Task objective |
The lines below, from the one holding "ラーメンの上には、もやしやキャベツ、ほうれん草と野菜がたっぷり" through the one holding "Sette partite per", are to be restated word for word, with all images left out.

Supplied data |
---+---
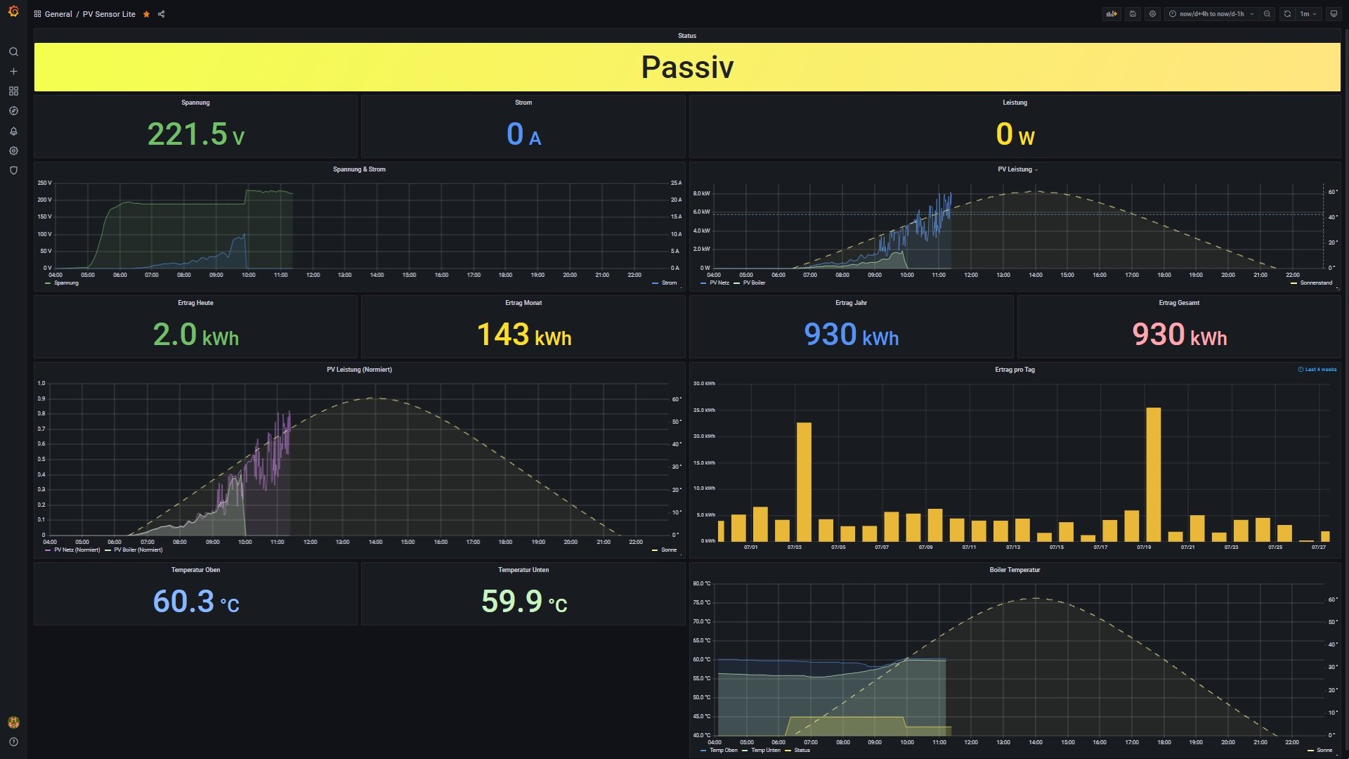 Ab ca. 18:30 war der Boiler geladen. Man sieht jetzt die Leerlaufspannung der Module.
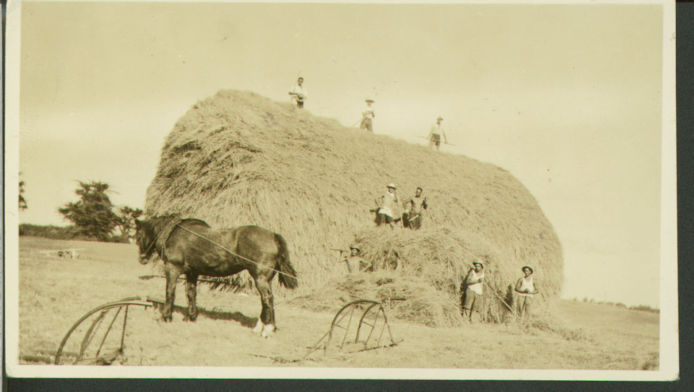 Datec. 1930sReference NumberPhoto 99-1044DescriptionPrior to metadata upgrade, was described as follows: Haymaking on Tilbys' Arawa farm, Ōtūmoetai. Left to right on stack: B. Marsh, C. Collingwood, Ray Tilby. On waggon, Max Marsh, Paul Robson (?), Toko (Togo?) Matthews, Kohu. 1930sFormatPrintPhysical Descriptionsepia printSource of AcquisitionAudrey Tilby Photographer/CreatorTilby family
---+---
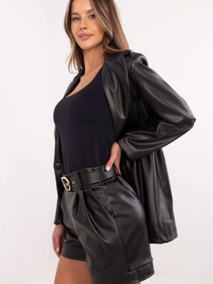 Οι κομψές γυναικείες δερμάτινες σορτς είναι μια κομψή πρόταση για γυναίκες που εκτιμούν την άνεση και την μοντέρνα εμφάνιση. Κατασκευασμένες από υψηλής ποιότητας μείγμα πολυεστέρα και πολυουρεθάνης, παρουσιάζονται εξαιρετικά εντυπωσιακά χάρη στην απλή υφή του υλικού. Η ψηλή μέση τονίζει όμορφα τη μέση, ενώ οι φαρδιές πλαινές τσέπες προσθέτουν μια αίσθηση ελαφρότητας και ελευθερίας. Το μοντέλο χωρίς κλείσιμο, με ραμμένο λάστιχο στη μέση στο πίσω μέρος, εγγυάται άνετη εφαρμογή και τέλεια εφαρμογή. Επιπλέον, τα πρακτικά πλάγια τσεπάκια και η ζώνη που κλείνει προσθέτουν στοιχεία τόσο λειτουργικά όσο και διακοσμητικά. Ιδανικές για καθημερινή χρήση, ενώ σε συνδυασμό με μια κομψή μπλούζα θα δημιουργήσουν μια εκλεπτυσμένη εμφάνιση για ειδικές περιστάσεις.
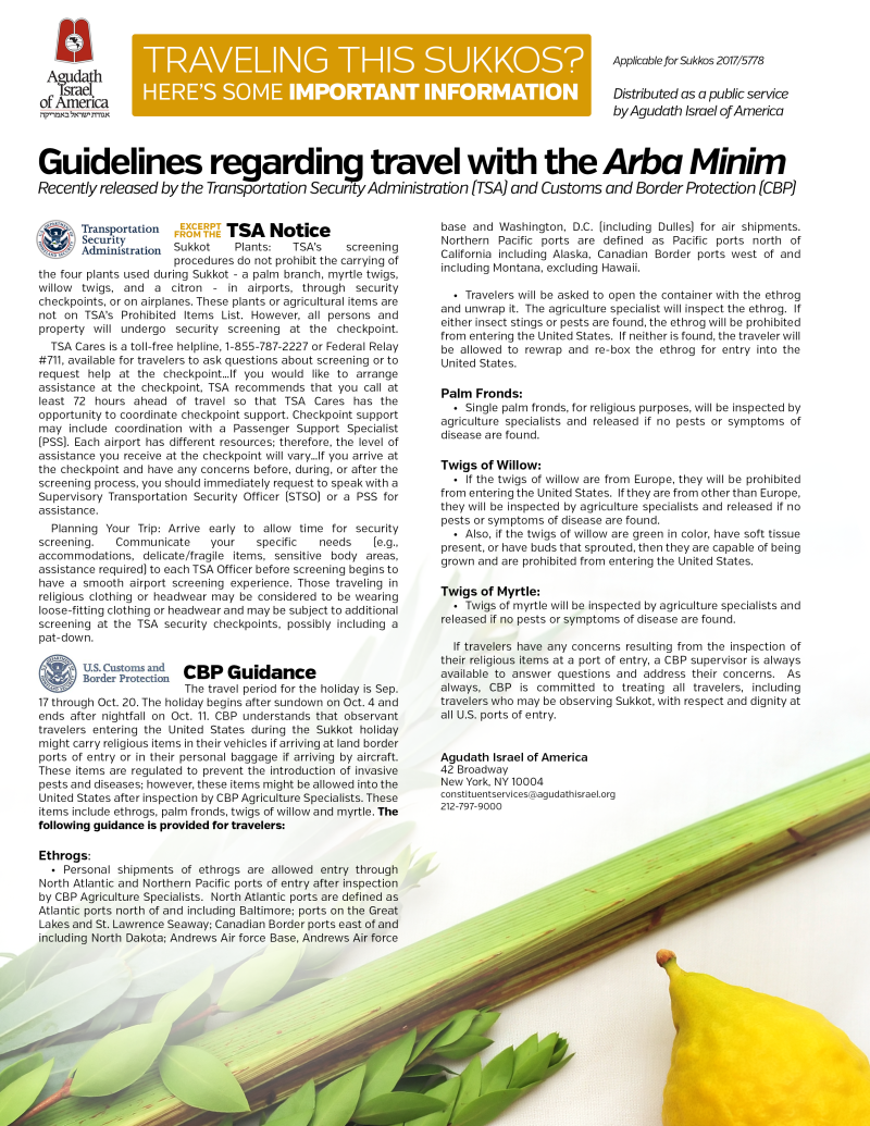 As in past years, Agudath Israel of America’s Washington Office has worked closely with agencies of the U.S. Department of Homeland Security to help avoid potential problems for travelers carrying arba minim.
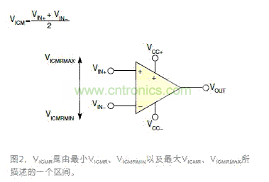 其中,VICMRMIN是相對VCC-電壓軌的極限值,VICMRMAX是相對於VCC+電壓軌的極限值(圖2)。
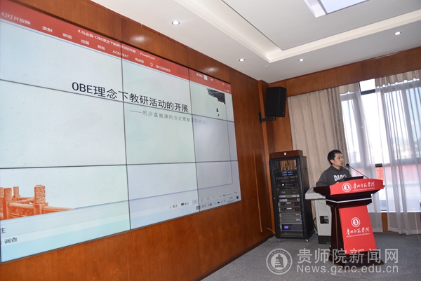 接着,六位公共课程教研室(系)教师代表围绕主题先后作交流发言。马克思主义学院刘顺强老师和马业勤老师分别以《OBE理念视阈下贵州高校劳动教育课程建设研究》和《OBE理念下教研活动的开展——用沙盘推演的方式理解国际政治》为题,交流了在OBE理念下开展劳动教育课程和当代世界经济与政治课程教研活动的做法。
---+---
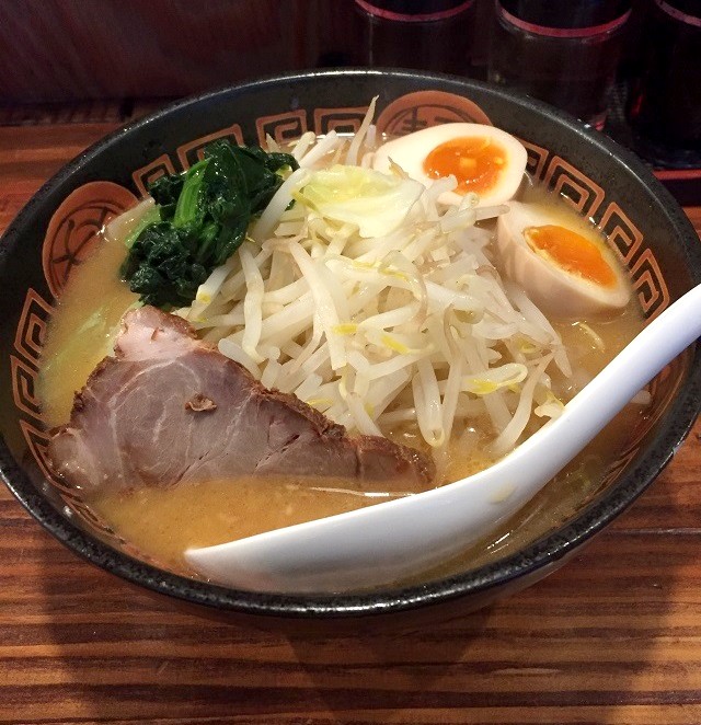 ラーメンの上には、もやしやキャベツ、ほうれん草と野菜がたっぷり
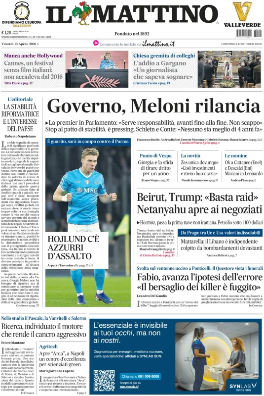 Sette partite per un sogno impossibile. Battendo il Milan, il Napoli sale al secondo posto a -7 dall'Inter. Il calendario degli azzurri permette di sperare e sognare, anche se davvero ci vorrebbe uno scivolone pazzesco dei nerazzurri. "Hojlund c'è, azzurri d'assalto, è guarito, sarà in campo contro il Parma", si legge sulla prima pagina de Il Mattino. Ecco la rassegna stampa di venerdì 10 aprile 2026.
---+---
Solution |
 ラーメンの上には、もやしやキャベツ、ほうれん草と野菜がたっぷり
 Sette partite per un sogno impossibile. Battendo il Milan, il Napoli sale al secondo posto a -7 dall'Inter. Il calendario degli azzurri permette di sperare e sognare, anche se davvero ci vorrebbe uno scivolone pazzesco dei nerazzurri. "Hojlund c'è, azzurri d'assalto, è guarito, sarà in campo contro il Parma", si legge sulla prima pagina de Il Mattino. Ecco la rassegna stampa di venerdì 10 aprile 2026.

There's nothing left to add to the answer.